In parallel, Dalang came under intermittent artillery and aerial bombardment on Saturday and Sunday, according to a source in the city’s local government. Shells struck residential neighborhoods on the outskirts and areas near the main road linking Dalang and Kadugli, triggering panic and limited displacement.
The renewed shelling comes against the backdrop of severe shortages of food and medicine, after both cities have endured years of siege. Supply routes have been repeatedly cut since an RSF and SPLM-N blockade began in October 2023, pushing Dalang and Kadugli to the brink. Conditions deteriorated sharply by the end of June, when the two allies sealed the Kadugli-Dalang road, bringing supply chains to a halt.
A source at the Humanitarian Aid Commission warned that targeting or disabling UN logistical facilities could lead to a near-total halt of relief operations, especially as the dry season sets in and food insecurity worsens.
Last month, the global authority on food insecurity declared famine in Kadugli.
The TSC held the RSF responsible for the attacks in Kadugli.
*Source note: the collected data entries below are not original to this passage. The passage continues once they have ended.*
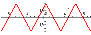 Fourier approximation of a triangle wave: good approximation with 6 terms.
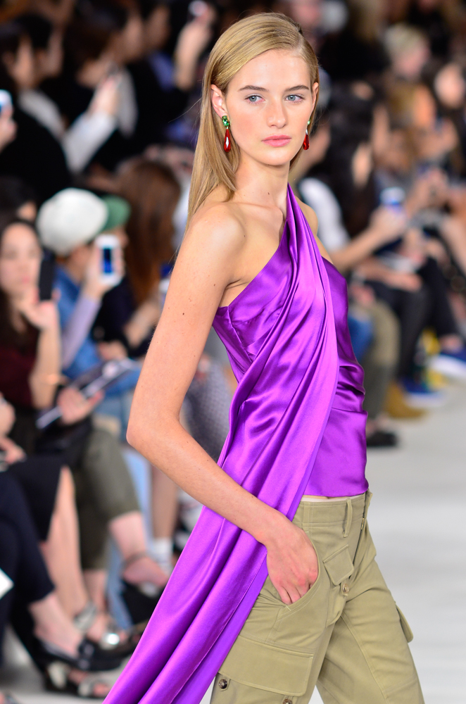 Sanne Vloet opening the Ralph Lauren Spring/Summer 2015 fashion show.
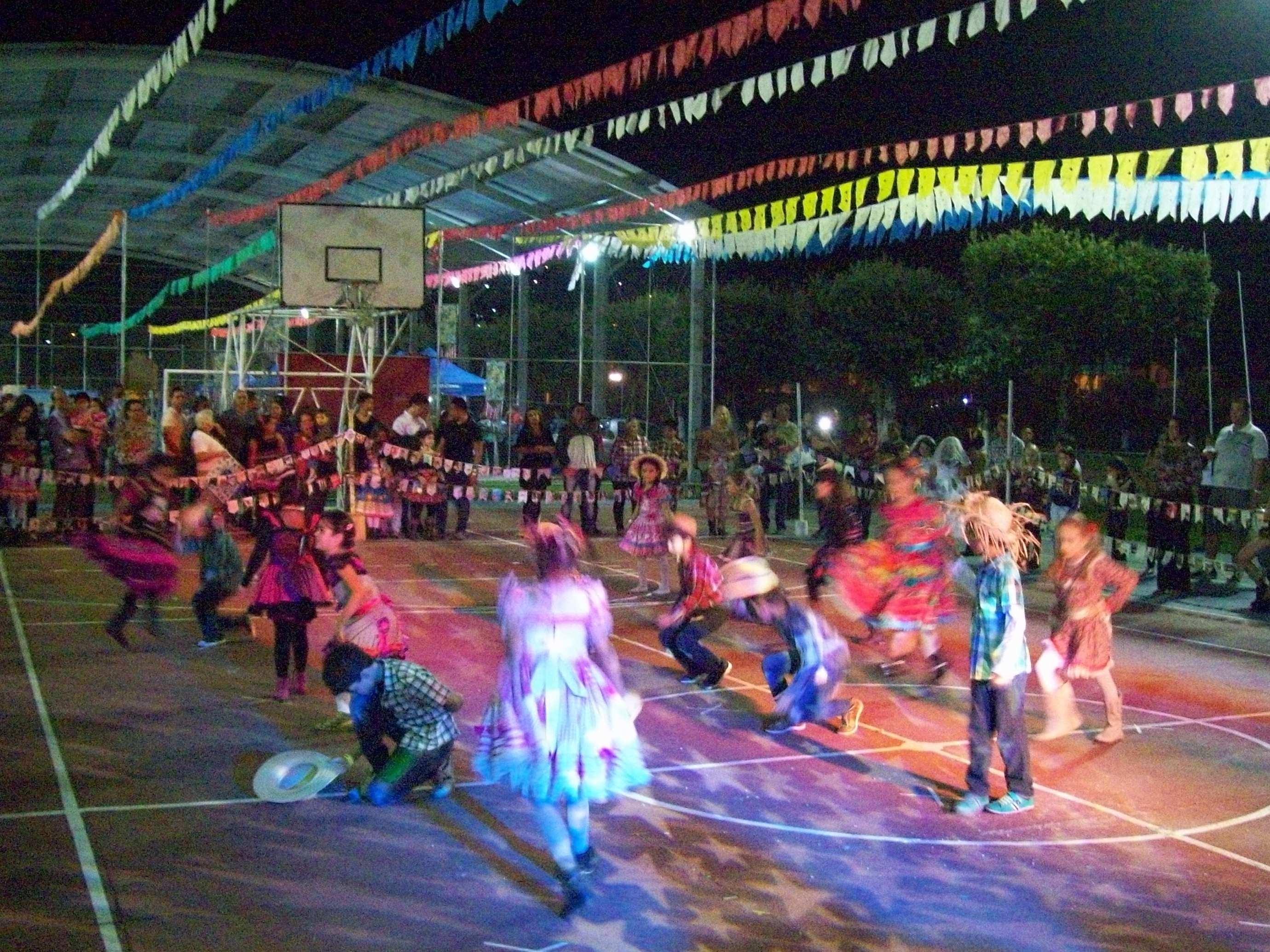 Dance of children of elementary school 1 in the june festival of the Padre de Man college (Forrobodó), in Coronel Fabriciano, Minas Gerais, Brazil.
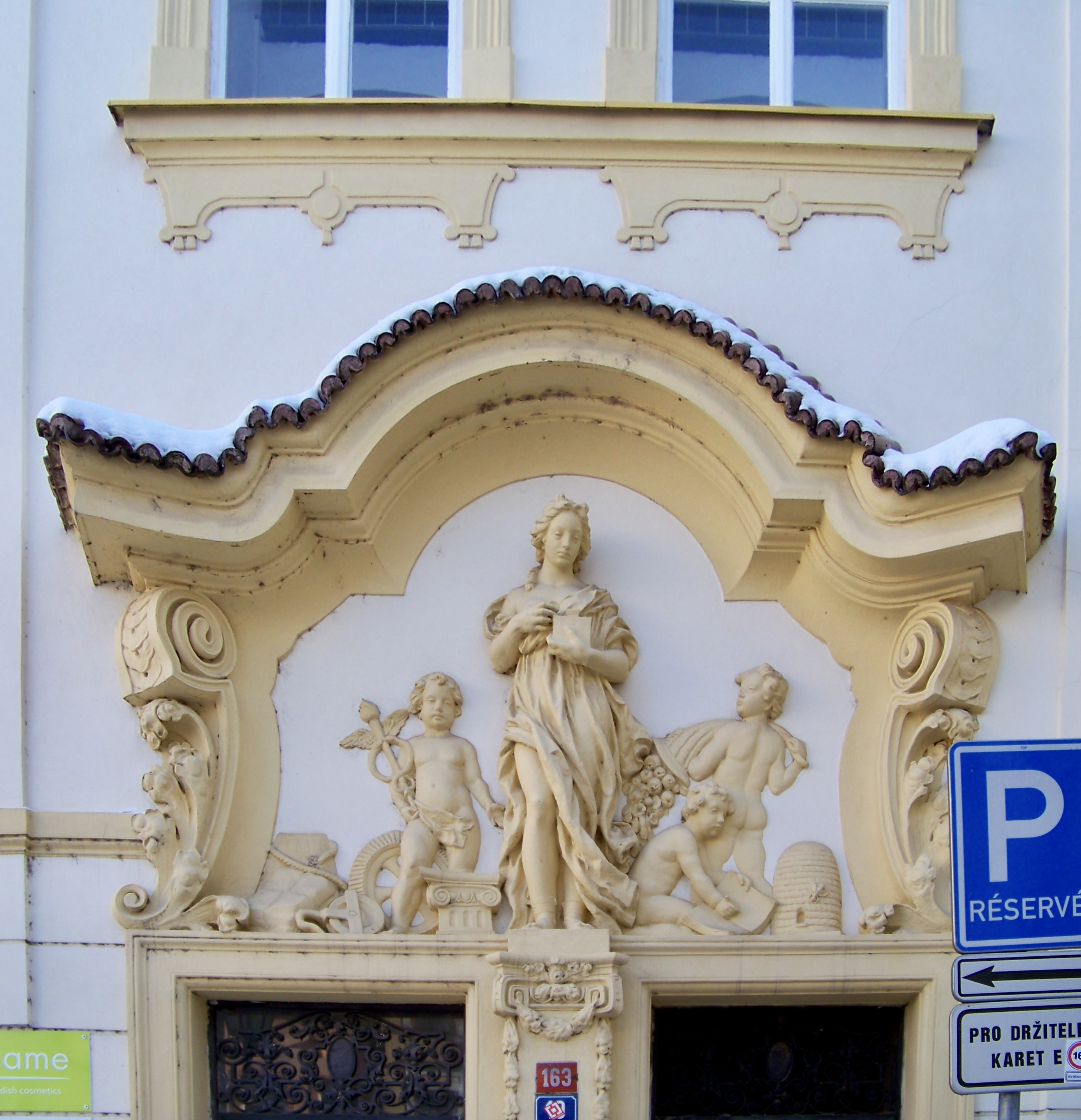 Hradec Králové, the Czech Republic. V Kopečku Street, the building No 163, a relief on the entry portal.

The RSF, in turn, issued two statements denying involvement and rejecting accusations that it had targeted civilians or international facilities.
The RSF is pursuing in South Kordofan the same strategy it employed in Fasher, where the prolonged siege and the city’s fall in late October sealed RSF dominance in Darfur, according to a government source in Port Sudan. Kadugli’s role as an administrative center and Dalang’s position as a key transport node give both cities strategic weight that extends beyond their immediate military value, meaning their loss would alter control dynamics across Kordofan, the source said.
For now, tensions remain high around both cities, according to a source in South Kordofan’s local government, with intermittent drone activity and no clear signs of de-escalation.